A J Frost:
1 I shall now give my decision in the above income tax appeal from an assessment pertaining to the 1971 taxation year, wherein the Minister of National Revenue assessed the appellant on his share of profits realized on the sale of an apartment building.
2 The appeals of Murray Armel, Joseph C Goldenberg and Gordon Atlin were heard, together with this appeal, on common evidence.
3 The appellant is a barrister and solicitor carrying on the practice of law as a partner in the law firm of Atlin, Goldenberg, Cohen, Gamble & Armel. In 1967, the appellant and his law partners, for an outlay of $6,333, acquired a one-third interest in St Clair & Warren Road Construction Company, a partnership engaged in the construction of an 80-suite apartment. The cost of the building was $1,164,864. In 1971, the said building was sold at a profit of $235,281 of which $7,842.71 was the personal share of the appellant.
4 The question at issue in this appeal is one of leverage: Did the highly leveraged position of the taxpayer affect the appellant's tax status under the appropriate provisions of the Income Tax Act?
5 A taxpayer may be classified as a trader, a speculator or an investor, depending on his moves and the nature of the market in which he operates. An investor normally invests his money for security and income and the prospect of income. He may switch his investments from time to time, having regard for market conditions and the inherent strength or weakness of his individual holdings. He invests to preserve the purchasing power of his dollars, which simply means that if he is prudent he aims to make capital gains. He wants his capital to generate more capital as well as income. These are the facts of life under today's changing economic conditions.
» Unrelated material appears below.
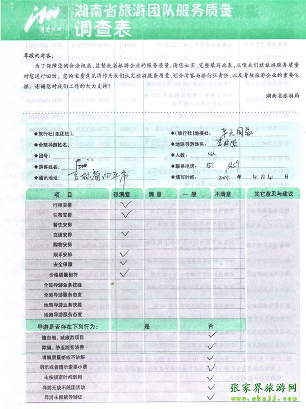 - 游客夏先生為表揚導游李姣姣寫來表揚信致我張家界... [14811]
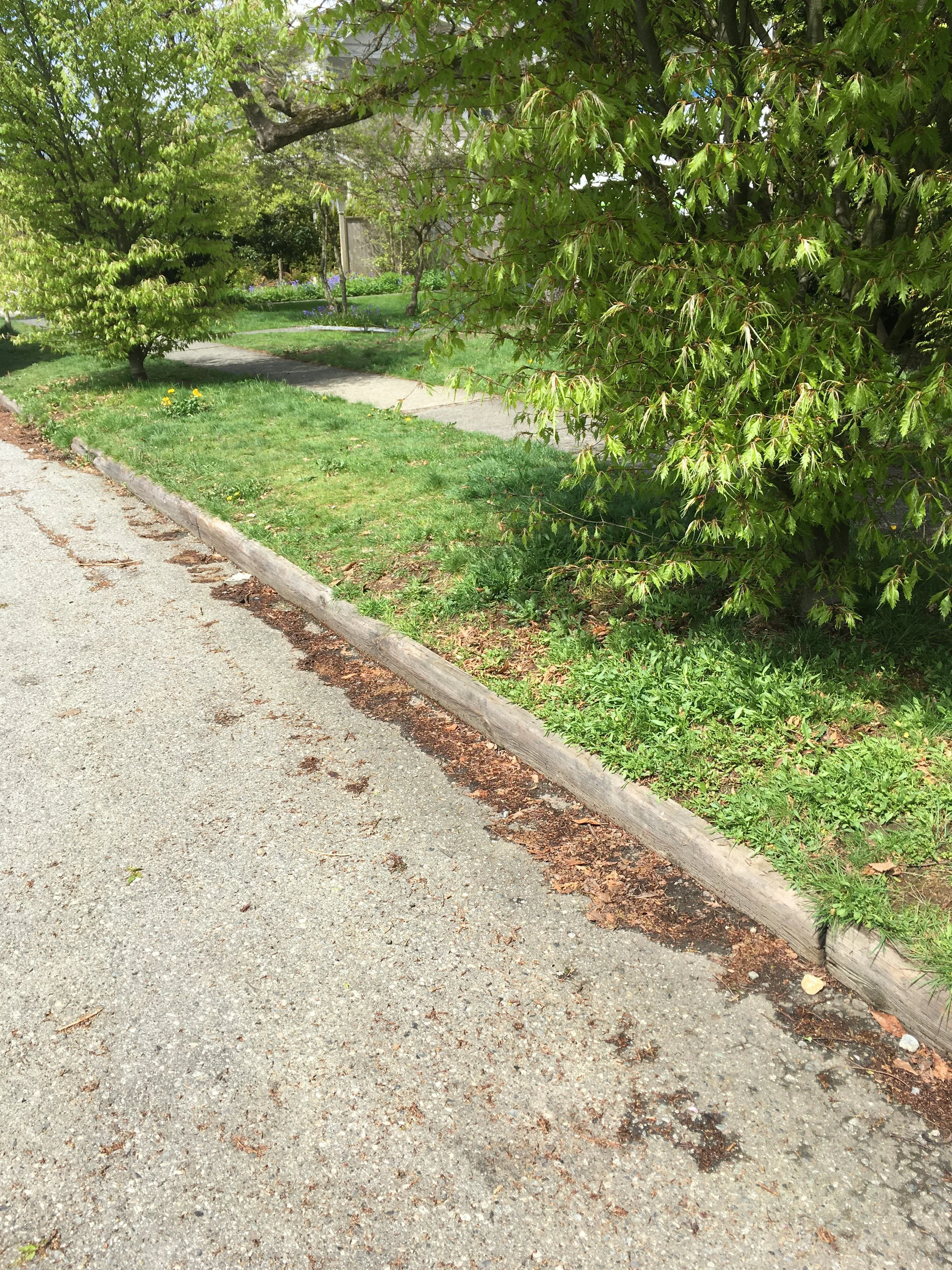 Wooden curb in the 300 block of West 14th Street in North Vancouver. Photo by Jennifer Clay.

6 A trader usually engages in the sort of dealing which is normally carried on by those actively engaged in the particular market in which the taxpayer makes his moves. The case of Irrigation Industries Limited v Minister of National Revenue, [1962] S.C.R. 346, [1962] C.T.C. 215, 62 D.T.C. 1131, stands for the general proposition that the action must suit the market. In other words, the Board cannot properly categorize a taxpayer as a trader, investor or speculator without having regard for his activities and the criteria of the market place in which he places his bids.
7 The final category is that of the speculator. A speculator is an adventurer who often uses borrowed funds to achieve his purposes. Although the speculator may use his own funds entirely, leverage is not infrequently the hallmark of his activity or activities. Leverage exists when the profit to be realized on a large amount of money is controlled by a small deposit. Leverage is the power to push profits thereby enhancing potential gains. As in physics, the power of a lever depends on where the fulcrum is placed.
8 The appellant, a barrister who argued his own case, submitted that one of the basic principles behind the investment of funds was “to invest as little as possible to make as much as possible”. This, in my opinion, is bold business, and contrary to sound investment principles.
9 On the evidence adduced, I find that no aspect of this appeal is unfavourable to the appellant except the highly leveraged position of the partnership of over 50:1, which, in my view, characterizes the appellant's share of the profit realized from the sale of the Warren Road apartment building as a taxable gain under paragraph 139(1)(e) of the Income Tax Act.